A recent decision by the Second Circuit Court of Appeals marks a significant victory for employers. Sutherland v. Ernst & Young LLP, which the Second Circuit Court of Appeals decided on August 9, fortifies an employer’s ability to use individual arbitration agreements to avoid wage and hour collective actions under the Fair Labor Standards Act (FLSA).

In Sutherland, the Second Circuit held that a former Ernst & Young employee, Stephanie Sutherland, could not invalidate a class-action waiver provision in an arbitration agreement when that waiver removes the financial incentive for her to pursue a claim under the FLSA. That holding, consistent with the recent decision by the Supreme Court of the United States in American Express Co. v. Italian Colors Restaurant, reversed the decision by the U.S. District Court for the Southern District of New York denying Ernst & Young’s motion to dismiss or stay the proceedings and compel arbitration of Sutherland’s wage and hour claim.

In denying Ernst & Young’s motion, the federal district court had relied on In re American Express Merchants’ Litigation, (Amex I), a Second Circuit decision that had invalidated a class-action waiver provision in an arbitration agreement on the grounds that enforcing the waiver would require plaintiffs to incur prohibitive costs and would deprive them of substantive rights under the federal antitrust statutes.

In American Express, however, the Supreme Court held that the Federal Arbitration Act did not permit courts to invalidate a waiver of class arbitration on the ground that the plaintiff’s cost of individually arbitrating a federal statutory claim exceeded the potential recovery. The American Express opinion, authored by Justice Scalia, includes the now oft-quoted proposition that “the fact that it is not worth the expense involved in proving a statutory remedy does not constitute the elimination of the right to pursue that remedy.” By abrogating the basis of the Second Circuit’s holding in Amex I—which itself was the basis of the district court’s denial of Ernst & Young’s motion to compel arbitration—American Express set the stage for the Second Circuit’s ruling in Sutherland.      

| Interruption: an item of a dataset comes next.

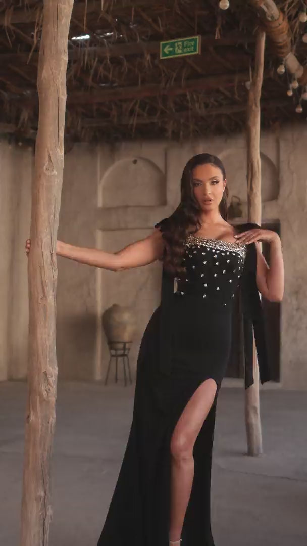 Eleve su elegancia nocturna con el Portia & Scarlett PS25975E, un lujoso vestido de crepe ajustado diseñado para celebrar sus curvas con gracia impecable. Este vestido largo presenta un elegante escote cuadrado y delicadas correas que resaltan sus hombros, mientras que un tren elegante y una abertura atrevida añaden movimiento y drama a cada paso. El exquisito detalle de lazo en la cintura realza la silueta, creando una declaración refinada de sofisticación. Elaborado con una suave tela de crepe, este vestido ofrece un ajuste favorecedor y cómodo que se transiciona sin esfuerzo de la gala a la fiesta posterior. Experimente el atractivo de Portia & Scarlett mientras domina la noche con un glamour atemporal.

In reaching its holding in Sutherland, the Second Circuit first recognized that the FLSA did not contain a contrary congressional command barring waivers of class arbitration. Not only does the text of the FLSA offer no support for such a command, Supreme Court precedent illustrates that the waiver of collective action claims is permissible in the FLSA context. The Second Circuit’s finding that the FLSA does not bar class waivers is significant, because it establishes that an individual’s right to a collective action is not a substantive right under FLSA and, as such, can be waived.

Relying on American Express, the Second Circuit then held that a plaintiff cannot use the so-called “effective vindication doctrine” to invalidate a class-action waiver provision by showing that it makes no economic sense for him or her to pursue the claim individually in arbitration. Indeed, in Sutherland, the worker argued that, if forced to arbitrate under the relevant waiver provision, she would have to expend approximately $200,000 to recover less than $2,000. Sutherland thus makes plain that the Second Circuit will not invalidate a class-action waiver provision solely because the costs of individual arbitration would far exceed the recovery sought.

Given an employer’s potential exposure with respect to wage and hour class and collective actions, Sutherland and another decision on the FLSA, which the Second Circuit issued in August as well, both provide a welcome degree of certainty with respect to the viability of class waivers in arbitration agreements. These decisions show that the Second Circuit is joining the growing trend among circuit courts in rejecting the argument that the FLSA does not allow class action waivers. Given the Second Circuit’s stature and influence among the circuit courts, Sutherland will likely have a significant impact on future litigation involving FLSA class action waivers outside of the Second Circuit.

These two recent decisions also mean that the sole remaining significant battle over the viability of FLSA class action waivers is now before the Fifth Circuit Court of Appeals in D.R. Horton v. National Labor Relations Board.  In that case, D.R. Horton is challenging the National Labor Relations Board’s finding that it is a violation of federal labor law for an employer to require employees to sign class action waivers as a condition of employment. While wage and hour practitioners await the Fifth Circuit’s decision with great anticipation, the Second Circuit’s decision in Sutherland shows that the stars may be aligned for supporters of class action waivers.